Exercise objective: Pictures are to be left out. Return exactly the lines below from the one with "初始化顺序是 _a2 先,_a1 后。" up to and including the one with "- You can specify".

Record set:
┄┄┄┄┄┄
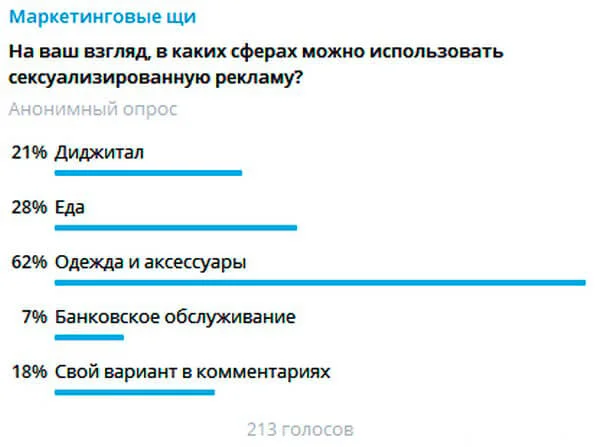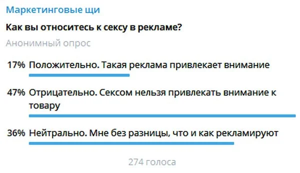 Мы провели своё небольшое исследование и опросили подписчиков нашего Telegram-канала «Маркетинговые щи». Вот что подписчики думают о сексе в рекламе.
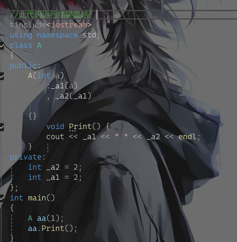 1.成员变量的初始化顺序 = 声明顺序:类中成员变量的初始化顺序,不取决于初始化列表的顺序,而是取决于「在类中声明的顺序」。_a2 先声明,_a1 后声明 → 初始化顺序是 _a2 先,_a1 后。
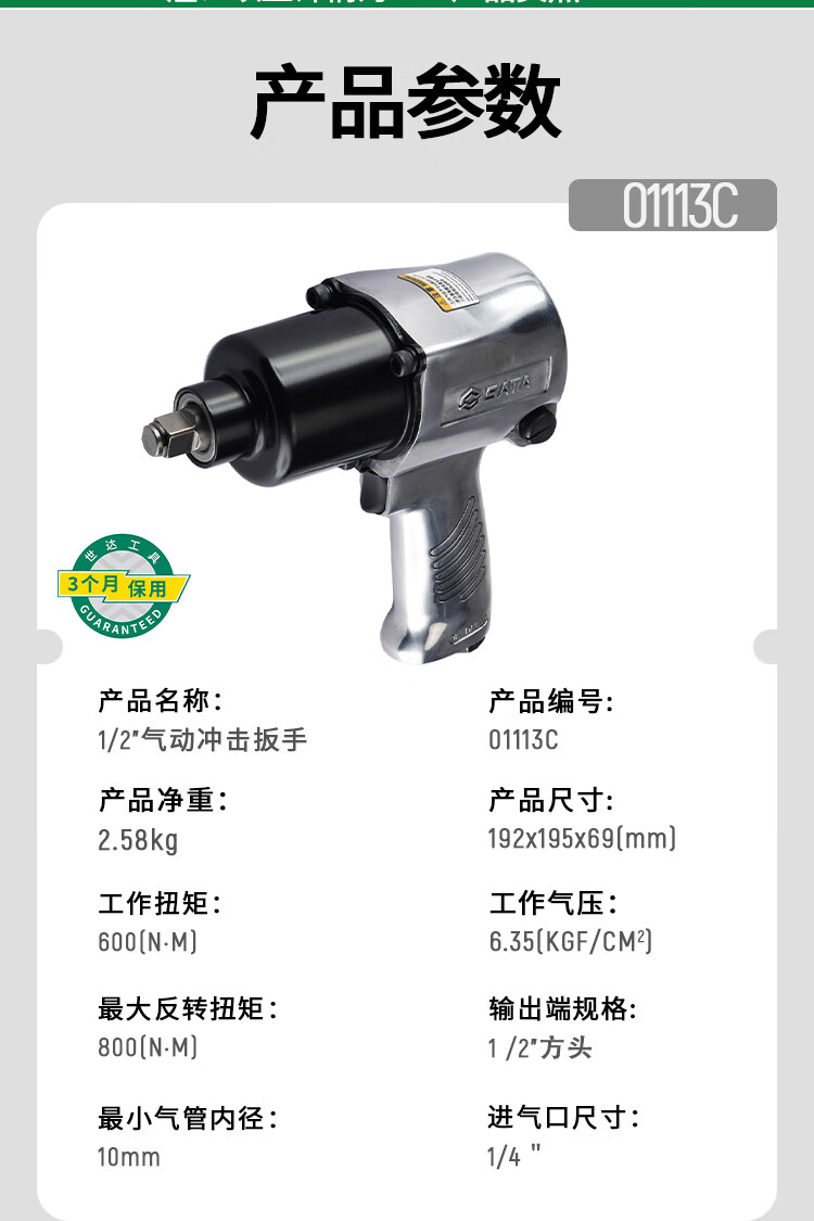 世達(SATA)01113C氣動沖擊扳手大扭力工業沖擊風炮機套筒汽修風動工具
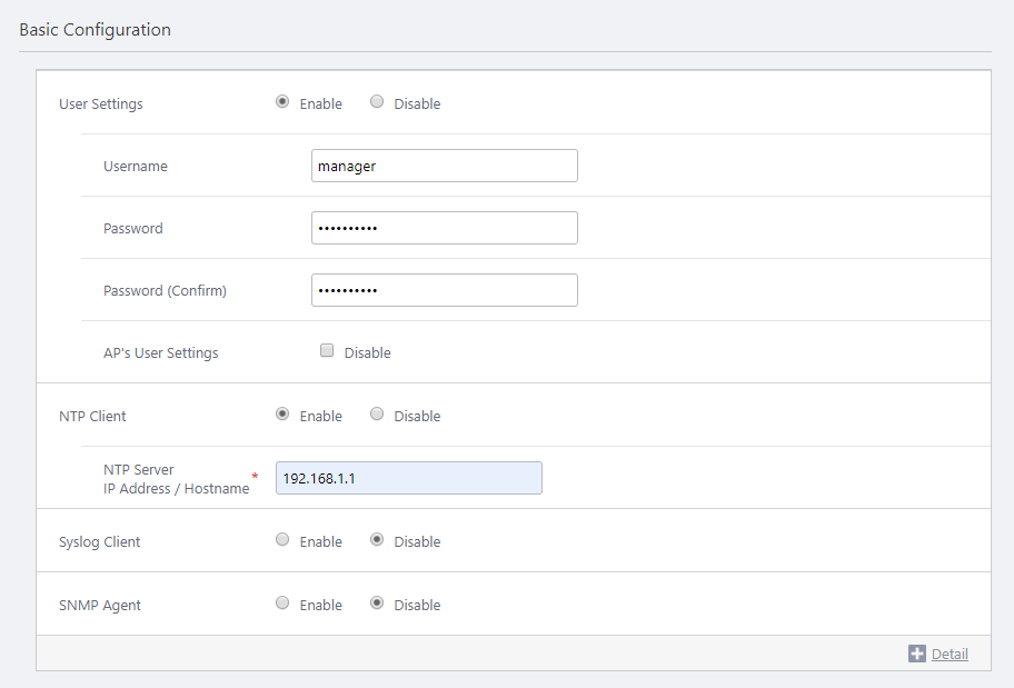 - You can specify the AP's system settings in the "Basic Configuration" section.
┄┄┄┄┄┄
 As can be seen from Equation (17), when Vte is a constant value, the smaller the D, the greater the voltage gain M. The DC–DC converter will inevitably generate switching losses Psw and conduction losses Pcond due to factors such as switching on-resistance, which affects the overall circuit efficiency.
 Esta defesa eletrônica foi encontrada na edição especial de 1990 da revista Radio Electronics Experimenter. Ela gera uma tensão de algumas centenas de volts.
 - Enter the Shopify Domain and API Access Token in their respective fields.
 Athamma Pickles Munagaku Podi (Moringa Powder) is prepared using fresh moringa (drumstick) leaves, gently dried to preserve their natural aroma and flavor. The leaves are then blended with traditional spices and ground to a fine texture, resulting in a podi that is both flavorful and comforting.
┄┄┄┄┄┄
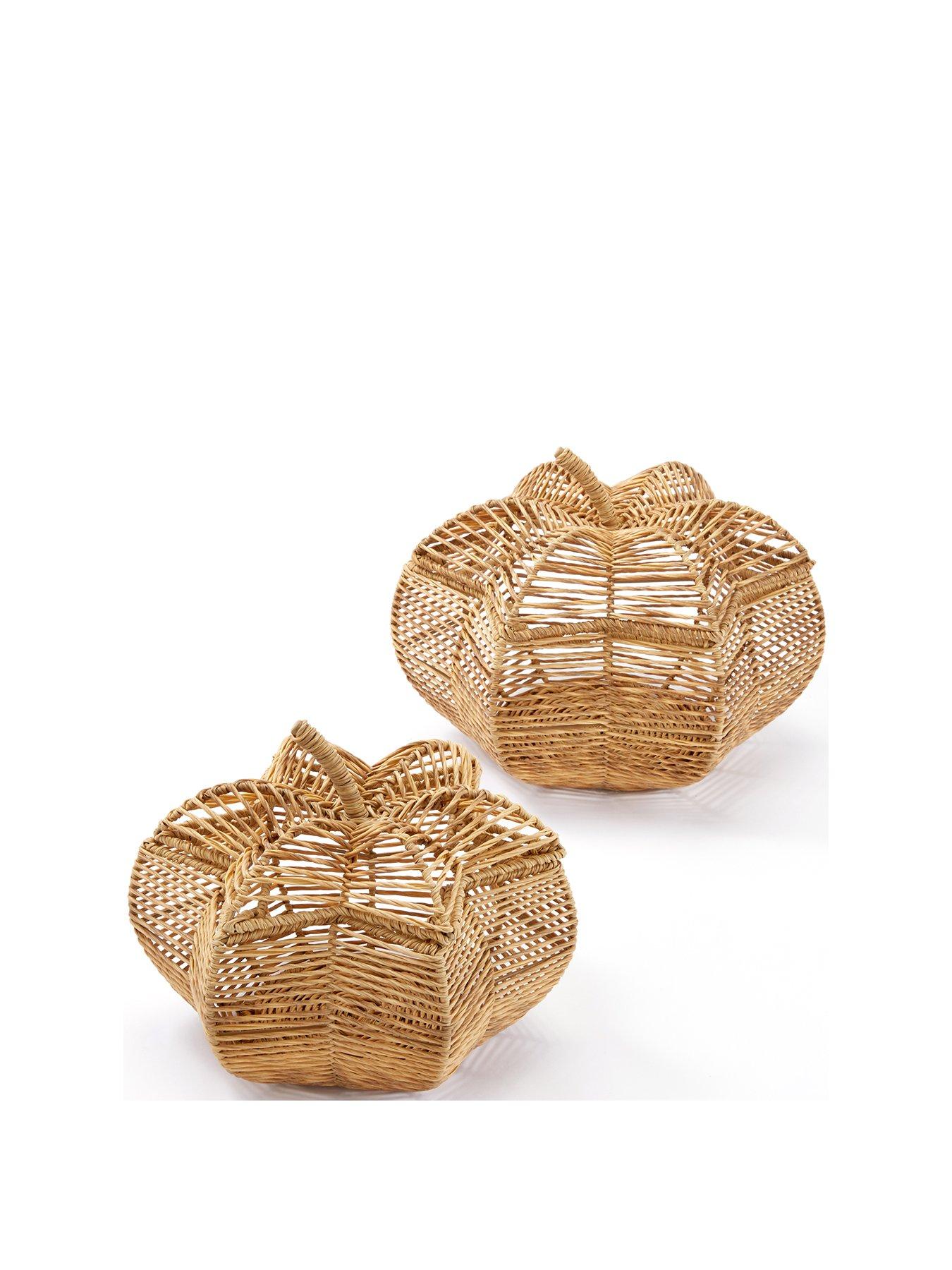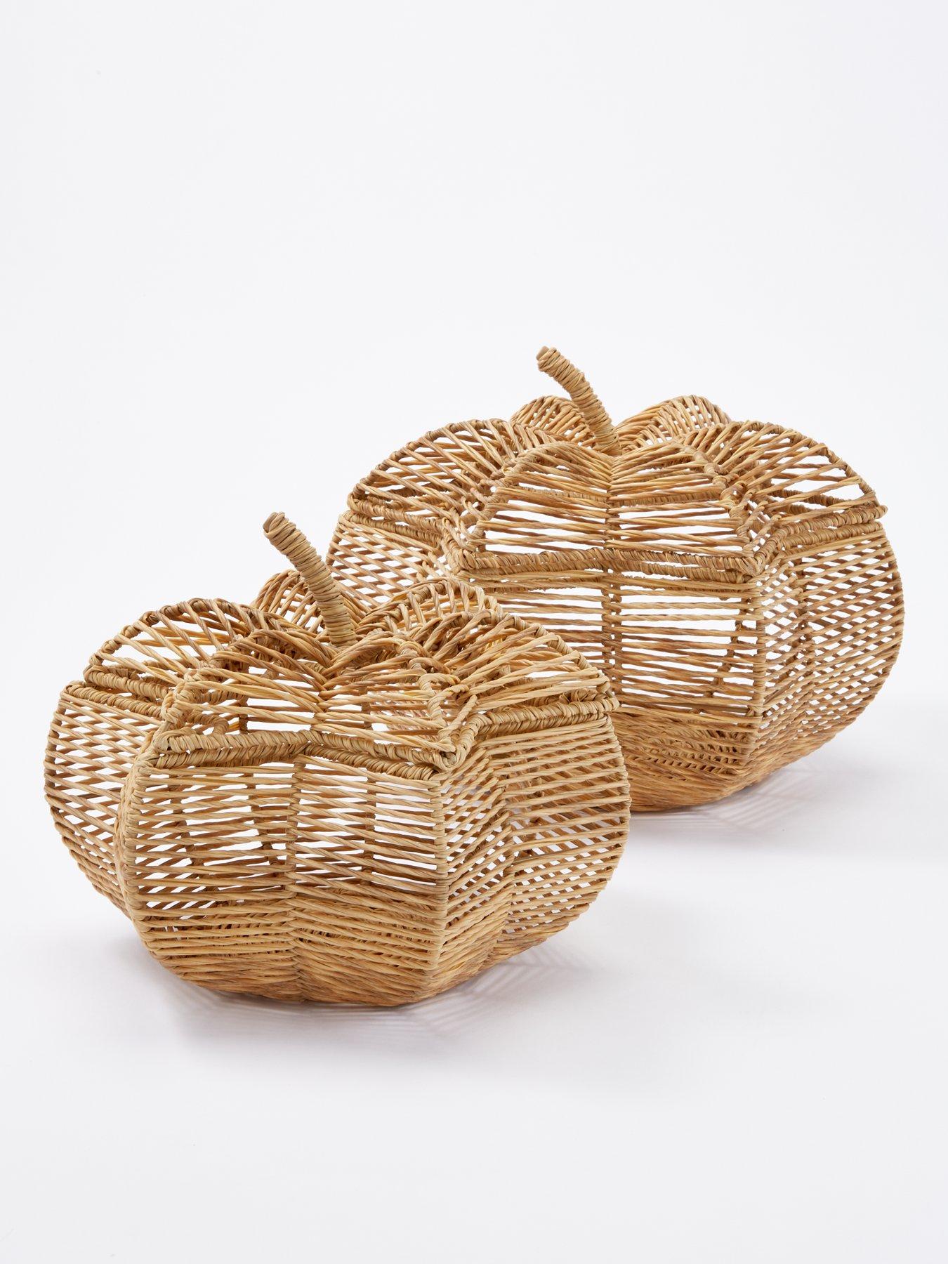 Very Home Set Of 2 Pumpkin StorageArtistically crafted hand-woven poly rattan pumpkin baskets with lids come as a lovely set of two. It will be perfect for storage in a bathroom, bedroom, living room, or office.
┄┄┄┄┄┄
Output for this task:
 1.成员变量的初始化顺序 = 声明顺序:类中成员变量的初始化顺序,不取决于初始化列表的顺序,而是取决于「在类中声明的顺序」。_a2 先声明,_a1 后声明 → 初始化顺序是 _a2 先,_a1 后。
 世達(SATA)01113C氣動沖擊扳手大扭力工業沖擊風炮機套筒汽修風動工具
 - You can specify the AP's system settings in the "Basic Configuration" section.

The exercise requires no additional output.